The extent to which the first light is reduced in the emitted light of the second mode can vary. In one embodiment, the emitted light in the second mode has a contribution of the first light of less than 25%, or less than 10%, or 0.

The lighting system of the present invention may be configured in different ways to change the mode of the emitted light. For example, in a simple embodiment, the output of the first and second light sources is balanced such that equal amounts of current flow through each string to provide the correct color point. One advantage of such a configuration is that the first and second light sources could be run in parallel (with or without a current-balancing analog circuit) through a switch (e.g. FET). When the switch is closed, current is divided between the first and second light sources first and second. When the switch is open, current only flows through the second light source. This configuration would allow for a lower cost implementation.

In another embodiment, the power source comprises a controller for independently controlling the first and second light sources. Such a configuration is more complex, but allows for precision control/powering of the first and second light sources. Additionally, the controller can be configured with intelligence for switching between the first and second modes. For example, in one embodiment, the controller is configured to communicate with and occupancy sensor, and switch from the first mode to the second mode when occupancy is determined to be below a threshold. Occupancy relates to people or things requiring outdoor lighting, such as, people, pets, or vehicles. In one embodiment, the threshold is 1. In another embodiment, the controller may be configured to communicate with other outdoor lighting systems in the area and switch between the first and second modes in a coordinated way. For example, occupancy sensor may be positioned near the entrance of a walkway, and, when the occupancy sensor senses a person, it may cause all the lights along the walkway to switch from the second mode to the first mode to provide better lighting for the person.

Examples

The following non-limiting examples are provided to show the efficacy of the present invention and should not be interpreted as limited the scope of the claims.
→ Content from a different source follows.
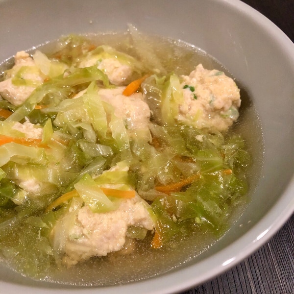 やみつき!鶏キャベやみつきごまスープ材料鶏もも肉300g キャベツ2~3枚 水400ml 鶏がらスープの素大さじ1 醤油小さじ1白だし小さじ1 みりん小さじ2 ごま油小さじ1 ラー油小さじ1 白ごま適量 黒胡椒適量作り方①鶏もも肉、キャベツを食べやすい大きさに切る ②鍋に水、鶏がらスープの素、醬油、白だし、みりんを混ぜて温まったら鶏肉、キャベツを加える。

In the examples provided in Table 2, both phosphors (QH examples) and Quantum Dots (for red, QD examples) can be used to provide combined light systems capable of efficacies greater than 1800K or Phosphor Amber, while providing excellent low blue performance, similar or greater color quality and visual acuity, and a “red only” mode with s/p ratios below that of even Phosphor Amber.

Having thus described a few particular embodiments of the invention, various alterations, modifications, and improvements will readily occur to those skilled in the art. Such alterations, modifications, and improvements as are made obvious by this disclosure are intended to be part of this description though not expressly stated herein, and are intended to be within the spirit and scope of the invention. Accordingly, the foregoing description is by way of example only, and not limiting. The invention is limited only as defined in the following claims and equivalents thereto.